The major difference is in how the image is formed on a photosensitive
drum:
- A copier uses a bright light and lens to focus an image of the
original (actually, a strip at a time which is scanned in most
modern low to medium performance copiers) onto the drum. Adjusting
the lens-to-original and lens-to-drum distance is used to vary
the reduction or magnification.
- A laser printer uses a low power sharply focused laser beam
to scan one line at a time on the drum. Modern laser printers
use infra-red solid state laserdiodes similar to those used in
CD players and optical disk drives while older ones used helium
neon lasers.
- The digital image is generated from a bit map stored in the
printer's memory and modulates the laser beam. Scanning is mechanical
- a high speed motor spins a multifaceted deflection mirror to
get the X-axis and the paper moves to get the Y axis.
LED printers use a large array of LEDs as the image
source but are otherwise similar to laser printers. Plain paper
fax machines use similar techniques in their printing mechanism.
Beyond this, copiers and laser printers are nearly
identical (at least in principle) except that copiers use a positive
process (dark areas in the original result in marks on the paper)
and laser printers commonly use a negative process (a spot of light
results in a dark mark on the paper).
The most sophisticated machines are now actually
scanner-laser printer combinations with buffer memory so that multiple
copies can be made without rescanning the original, sorting and
collating is more flexible, scaling and rotation can be done digitally,
and other features not possible with simple copiers.
(Portions from: Copenhagen Cowboy (cowboy@fastlane.net).)
The photosensitive drum is the heart of the laser
printer or copier. In larger machines, it may be a separately replaceable
unit. In most laser printers and smaller copiers, it is part of
the 'toner cartridge' and is a throw-away (or may be recycled).

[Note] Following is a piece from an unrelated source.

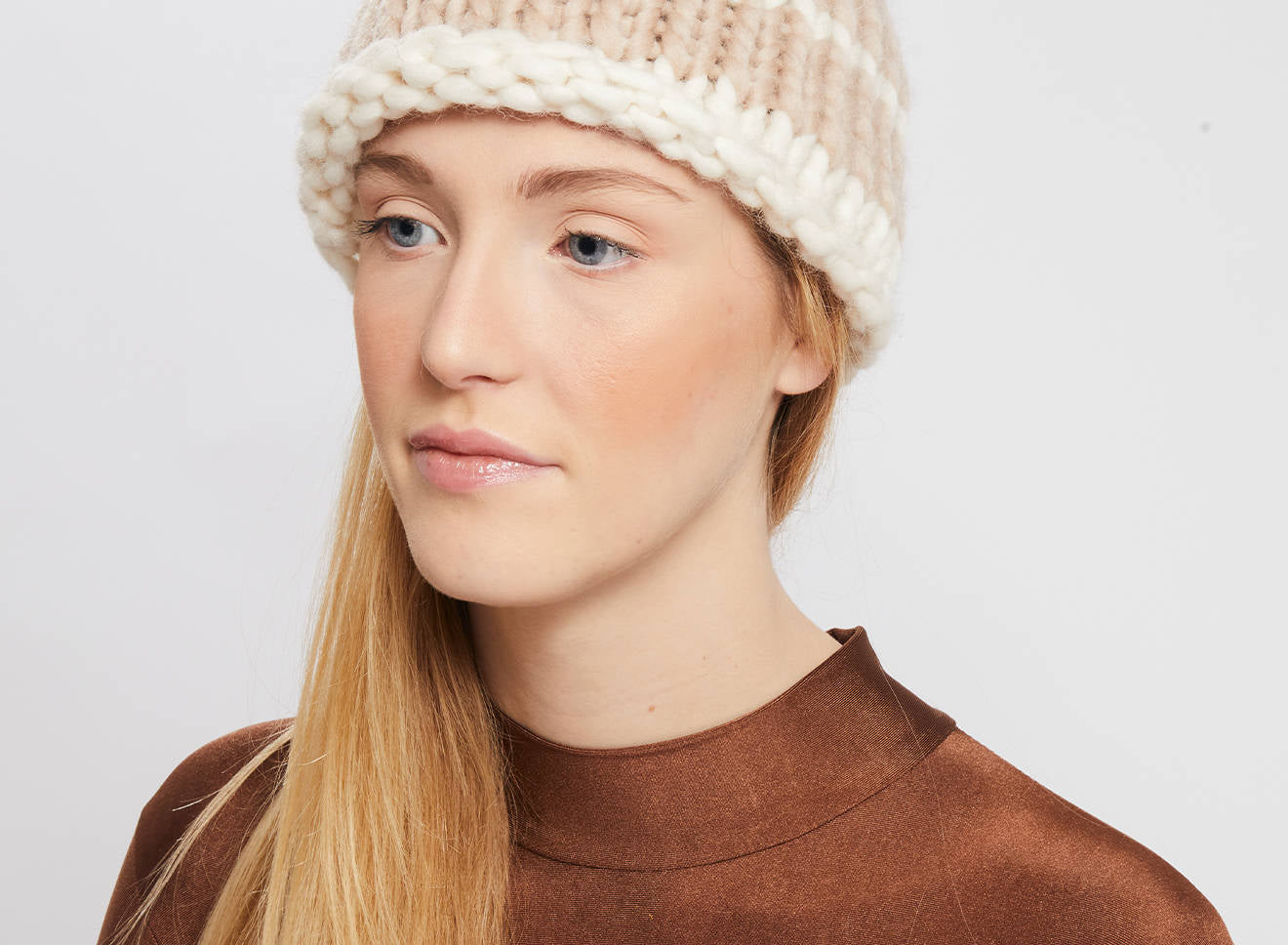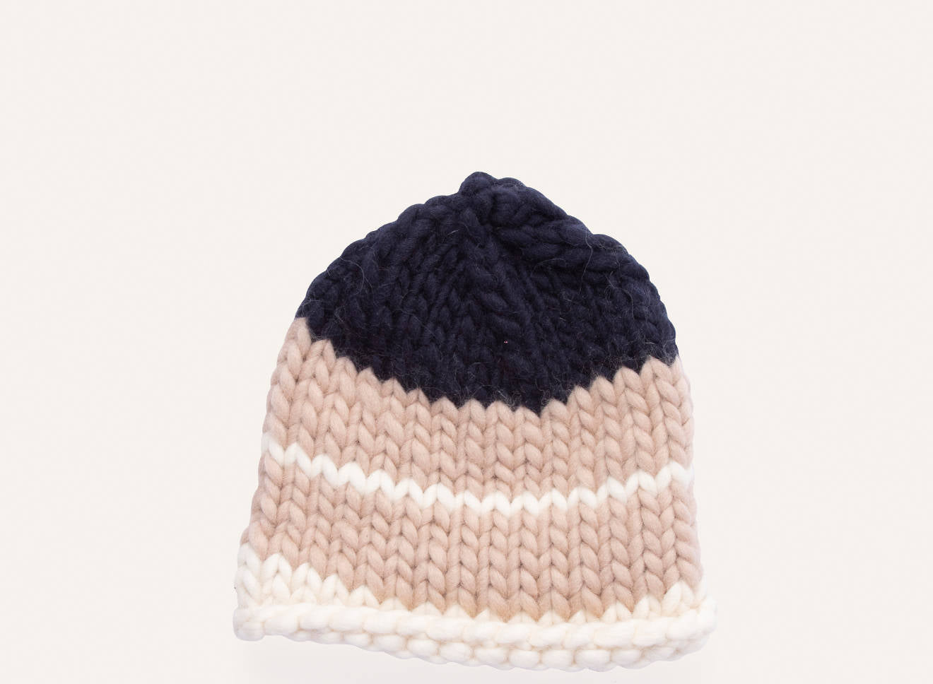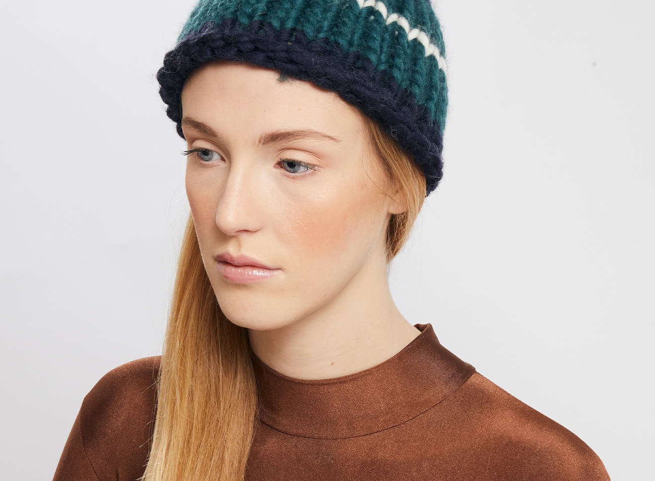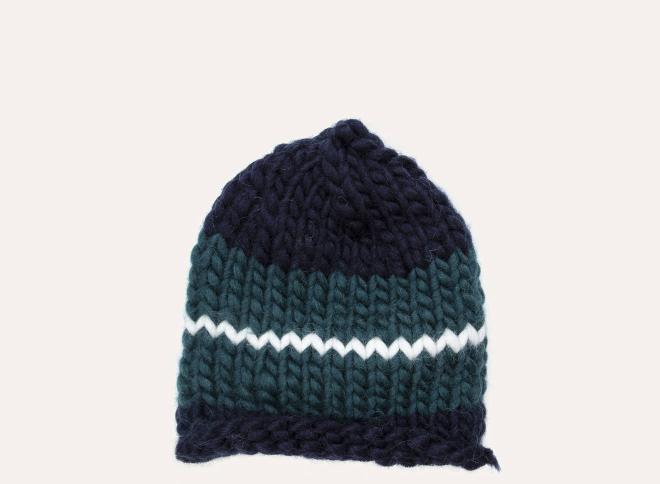 Caldo berretto a righe multicolor. Realizzato in filato italiano 100% lana, corposo ma sorprendentemente soffice e caratterizzato da elevata resistenza.

The drum is coated with a photosensitive material
which has an extremely high resistance when in darkness. It's resistance
drops to a low value when illuminated.
All of the following takes place as a continuous
process as the drum rotates. Note that the actual photosensitive
drum in most copiers and laser printers has a circumference that
is much smaller than the length of the printed page. Therefore,
only a portion fits at any given time and the charging, exposure,
transfer to the paper, cleaning, and erasing is a continuous process:
- The drum's surface is charged to a high positive voltage (typically
5 to 6 kV) by a set of charging corona wires in close proximity
to the drum.
- The exposure process differs for copiers and laser printers:
- For copiers, a swath of the original is focused onto the drum.
As the drum turns, a quartz lamp and strip mirror moves along
the original and second strip turning mirror moves at half this
speed. The result is that the entire original's image is kind
of 'peeled' onto the rotating drum. (Look through the glass platform
that supports the original of a copier as it is copying and you
will see what I mean.)
- For laser printers, the negative image of the page stored in
the printer's buffer memory (the laser is turned on where the
print is to be black) is read out and scanned onto the drum one
line (i.e., 1/300th or 1/600th of an inch) at a time.
- Where the light hits the drum's surface, its resistance drops
dramatically and the charge in these areas is dissipated. At this
point, a swath of the image of your ultimate copied or printed
page resides as areas of electrostatic charge on the drum. This
is a 'latent' image and must be 'developed'.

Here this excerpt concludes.